Cross-training. What is it? Why does it matter? It is a multi-sport approach to the improvement of one's prowess in a particular sport, regardless of the level of the sportsman concerned. For example, a professional tennis player could inculcate some swimming and basketball playing into his training regime, with the aim of translating those benefits reaped from partaking in those non-tennis activities, into greater prowess on the tennis courts. Given the innate narrow-mindedness and proneness to reckless categorization of us human beings (including us Rovo team members), there have been not too insubstantial criticisms of this (distracting, they say) approach. However, such an assumption would only be correct if the qualities for performance in tennis and the other non-tennis sports are mutually exclusive, which is not the case at all.

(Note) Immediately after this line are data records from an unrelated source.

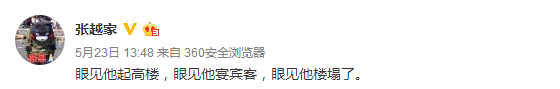 但这才过去几天,友谊的小船不但翻了,还翻了个底儿朝天!他的一番“楼塌”言论,让不少网友都化身为知心大姐姐,一人一句“好聚好散,感谢陪伴”,把张越家说的也是没脾气。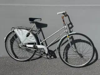 Unik blå Sally Bike herre retrocykel. Denne gamle kvalitetscykel, har et utrolig enkelt design og er helt unik. Herrecyklen er med 3 indvendige gear, støtteben, ny kæde, kædeskærm, fælgbremse på forhjulet, fodbremse på baghjul, dynamolygte som virker på forlygten og pæren er gået på baglygte, bagagebærer, størrelse 60, små revner i sadlen, næsten nye dæk, skærme til begge hjul, højt styr, stelnummer WJKH64108Z. Denne blå retro cykel er i fin stand, med lidt patina og brugsspor, og køre rigtigt fint. Så er du til grøn energi og bæredygtighed, er dette transportmiddel lige noget for dig. Hvis du også mener, at offentlig transport er for dyr, og hvis du nyder frisk luft på dine kinder og gratis motion, så er denne unikke blue bike / bicycle det perfekte valg for dig, og kan blive din herrecykel for 3.600 kr.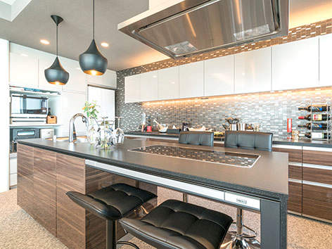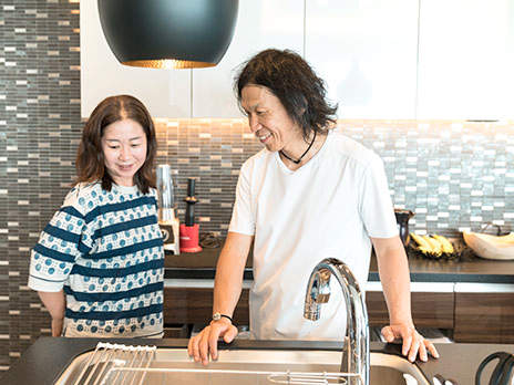 奥さまが「いろりダイニング」を気に入ったのは、できたてが食べられること。「サラダを食べながら、お肉を焼いたり…それもこれならできますよね。そのうえ動線が短いでしょ。食後、食器をシンクに運ぶ手間もなくなりました」。食事の楽しみが増しただけでなく、家事の負担が減ったことにもお喜びです。いくつものベネフィットを兼ね備えた「いろりダイニング」が、造形としてのシンプルさだけでなく「機能性にも優れたデザインが好き」というお二人の眼鏡にかなったのです。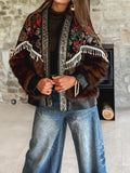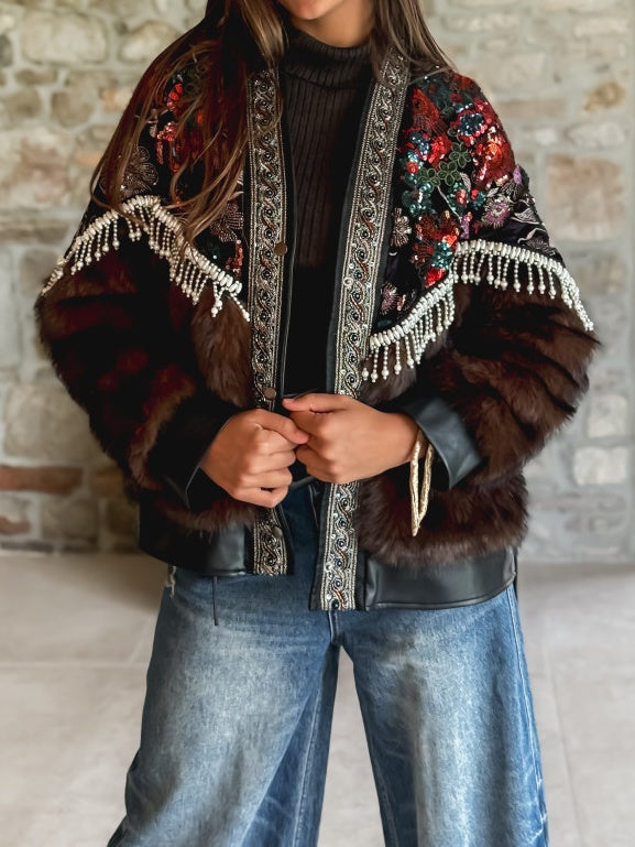 Sequined Floral Print Fur Coat

Here are some reasons why you should cross-train:

  • It can help prevent injury from overuse of particular body part(s)
  • It helps you come back from injury
  • It can help you recover from overuse in particular body part(s)
  • It prevents you from getting bored of your workout

If the reasons for cross-training were to be condensed into one sentence, it is this:
Apart from the psychological benefits that accrue from spicing up your training regime with more variety; the using of different body part(s) doing non-tennis exercises which bring tennis-related benefits, would prevent injury/burnout while improving your game.

To make this point...

We look at two tennis greats and their different approaches to tennis development.

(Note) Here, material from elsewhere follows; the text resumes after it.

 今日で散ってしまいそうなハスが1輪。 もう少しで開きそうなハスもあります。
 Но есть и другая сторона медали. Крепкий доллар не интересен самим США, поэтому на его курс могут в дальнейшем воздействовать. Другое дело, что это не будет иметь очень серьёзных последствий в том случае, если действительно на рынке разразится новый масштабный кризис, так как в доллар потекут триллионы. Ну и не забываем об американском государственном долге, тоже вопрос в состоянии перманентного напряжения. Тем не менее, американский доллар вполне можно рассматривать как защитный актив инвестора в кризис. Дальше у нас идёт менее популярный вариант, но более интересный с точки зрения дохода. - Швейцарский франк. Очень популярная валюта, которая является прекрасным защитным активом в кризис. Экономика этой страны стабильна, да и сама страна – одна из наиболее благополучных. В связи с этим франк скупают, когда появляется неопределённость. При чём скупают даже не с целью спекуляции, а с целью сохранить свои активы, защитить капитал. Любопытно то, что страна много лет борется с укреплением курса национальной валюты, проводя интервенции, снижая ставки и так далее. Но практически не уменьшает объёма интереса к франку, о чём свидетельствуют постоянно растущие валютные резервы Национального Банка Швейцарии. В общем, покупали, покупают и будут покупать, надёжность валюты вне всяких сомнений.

  • We have Bjorn Borg, who never takes his tennis training beyond the tennis court. He works on his fitness by doing sprints and other plyometric exercises on the tennis court, and intensive ground stroke drills. He has 11 grand slam titles to his name, but tragically retired at the age of 26 from burnout
  • We have Roger Federer, the man of many practices. His training regime is as varied as Borg's is narrow. Apart from the gym, Roger Federer makes it a point to engage various sports from badminton to basketball, from time to time. He is 36 and seemingly getting younger every year.

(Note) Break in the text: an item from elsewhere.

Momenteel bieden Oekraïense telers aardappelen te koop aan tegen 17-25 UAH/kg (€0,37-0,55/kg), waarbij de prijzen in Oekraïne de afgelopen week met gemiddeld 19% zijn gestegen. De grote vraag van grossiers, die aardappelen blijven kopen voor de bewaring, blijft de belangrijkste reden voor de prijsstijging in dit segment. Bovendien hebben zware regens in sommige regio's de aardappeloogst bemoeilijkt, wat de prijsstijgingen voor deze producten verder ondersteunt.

Knowledge is nothing without practice, so here are some good sports that one can consider adding in to his or her tennis training regime...


This an excellent exercise to help you improve your tennis endurance for a number of reasons, the main being its on your cardiovascular system. It is a non-impact cardio exercise, and thus would be a break from the high-impact hammering of your joints and feet a tennis session would give. By biking you improve your body's capacity to absorb oxygen, improve your equilibrium which results in an increase your overall physical stamina, all of which are critical for optimal performance during tennis sessions.


Similar to biking, jumping with a skipping rope is a less impactful alternative to the harsh grinding of the tennis court. It is an excellent workout for player seeking to build their calf muscles, or the lower body in general. Such lower body fortification is crucial for tennis performance, given the need to stay constantly low to the ground which requires a significant amount of legs bending.

(Freestyle) Swimming

Apart from the building of anaerobic capacity, swimming (especially when one engages in freestyle) develops the shoulder muscles without putting as much stress on it as normal servings do. It makes us wonder if Andy Roddick was a regular swimmer. What do you think?


The Financial Times has said it...

Federer himself credits the range of sports he played as a child – he also played badminton and basketball – for his hand-eye coordination. “I was always very much more interested if a ball was involved,” he says. Most tennis prodigies, by contrast, play tennis at the exclusion of pretty much everything else.. - A 2006 Financial Times article

What are you waiting for folks, let's get into some non-tennis action!